(Supplied data begins)

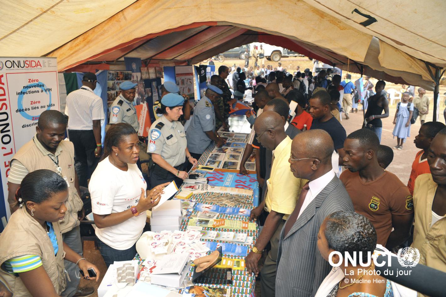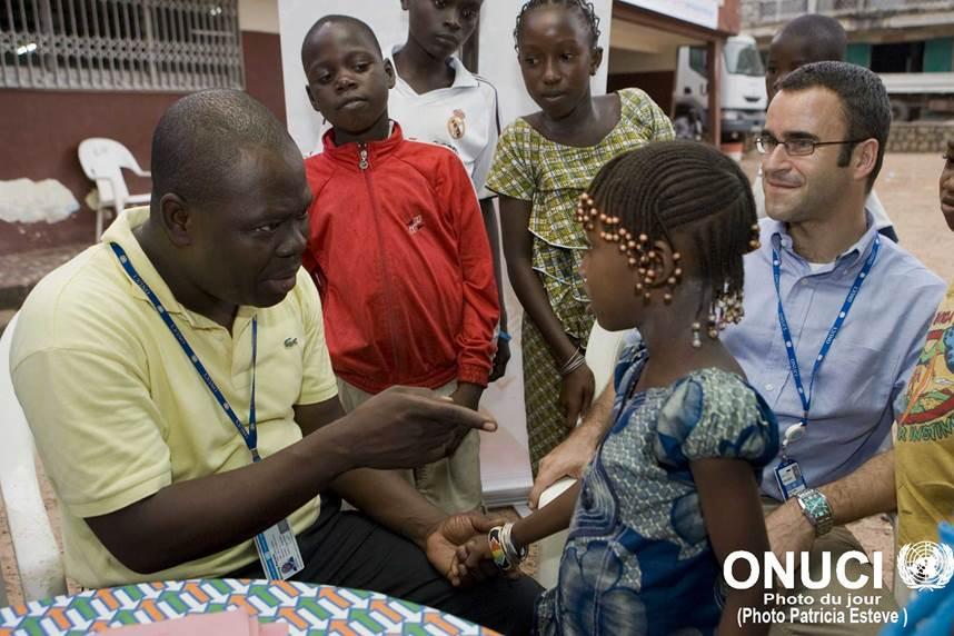 A Civil Affairs Officer, Drissa Ouattara, explains the importance of going to school to a little girl during the Mission’s sensitization campaign known as UNOCI Days (Agboville, February 2012)
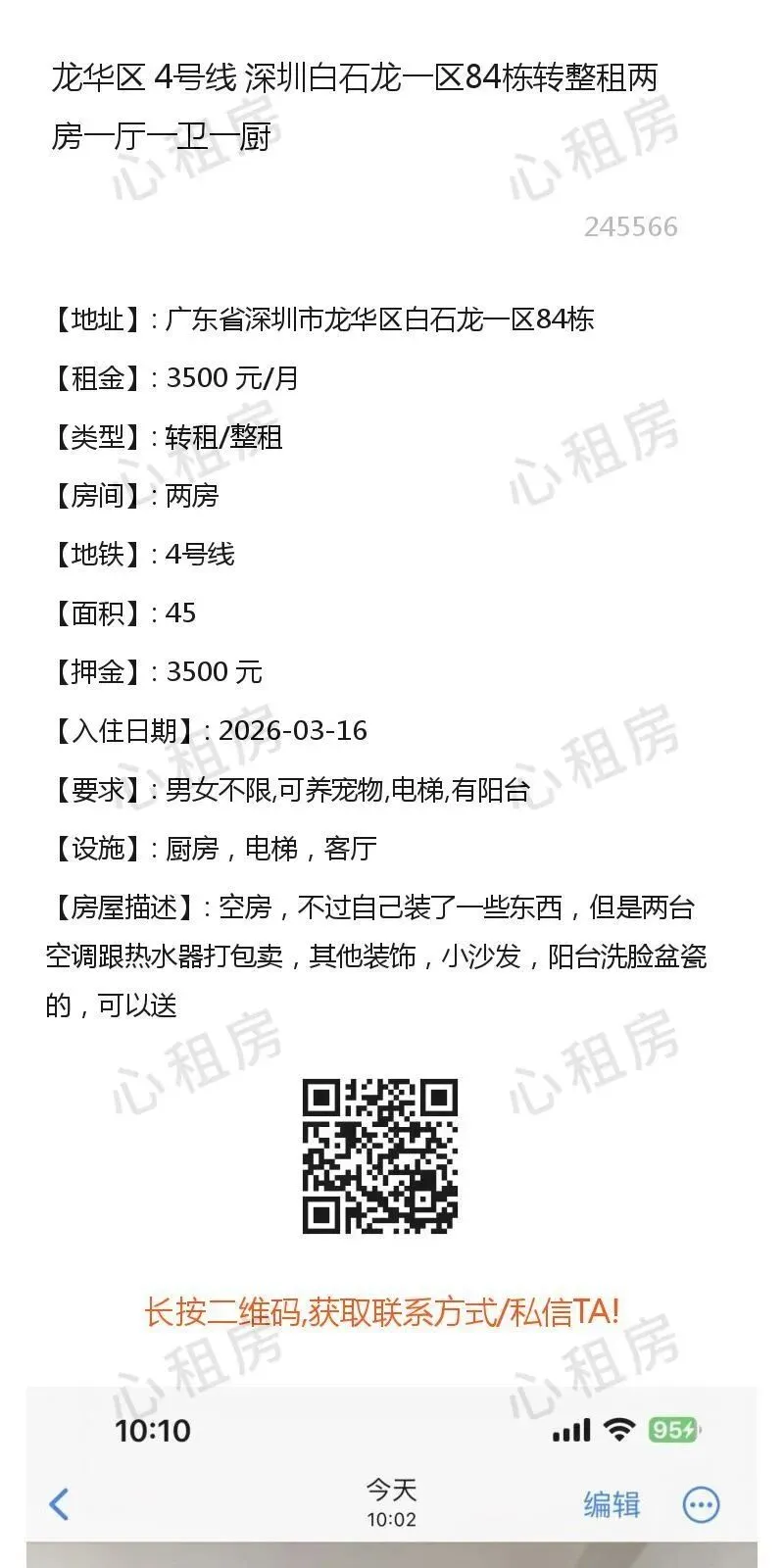 深圳租房【龙华2则】房源①:4号线深圳龙华白石龙一区84栋转整租两房一厅一卫一厨3500元/月;房源②:…
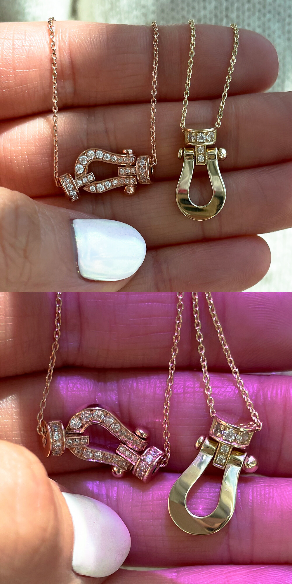 섬세한 디테일을 자랑하는 볼드한 말발굽 디자인의 목걸이입니다 ^^ 🧡 세로 스타일과 가로 스타일로 나뉘는데 이 페이지는 가로 스타일 구매 페이지입니다! 원 사이즈 목걸이로 40CM부터 45CM까지 자유롭게 착용이 가능한 아이랍니다! 팬던트가 볼드한 스타일로 14K 기준 중량은 약 한 돈 반이 조금 넘습니다. 중량감이 있어서 안정감이 있게 착용하시기 좋아요. 자세한 디테일은 사진과 영상에서 확인해 주시면 되구요, 세련되고 유니크한 디자인의 목걸이로 데일리 목걸이나 포인트 목걸이를 찾으시는 분들께 추천해 드릴게요! 👍🏼

(Supplied data ends)

Retype the data above exactly, dropping every picture.

- Response to the task
 A Civil Affairs Officer, Drissa Ouattara, explains the importance of going to school to a little girl during the Mission’s sensitization campaign known as UNOCI Days (Agboville, February 2012)
 深圳租房【龙华2则】房源①:4号线深圳龙华白石龙一区84栋转整租两房一厅一卫一厨3500元/月;房源②:…
 섬세한 디테일을 자랑하는 볼드한 말발굽 디자인의 목걸이입니다 ^^ 🧡 세로 스타일과 가로 스타일로 나뉘는데 이 페이지는 가로 스타일 구매 페이지입니다! 원 사이즈 목걸이로 40CM부터 45CM까지 자유롭게 착용이 가능한 아이랍니다! 팬던트가 볼드한 스타일로 14K 기준 중량은 약 한 돈 반이 조금 넘습니다. 중량감이 있어서 안정감이 있게 착용하시기 좋아요. 자세한 디테일은 사진과 영상에서 확인해 주시면 되구요, 세련되고 유니크한 디자인의 목걸이로 데일리 목걸이나 포인트 목걸이를 찾으시는 분들께 추천해 드릴게요! 👍🏼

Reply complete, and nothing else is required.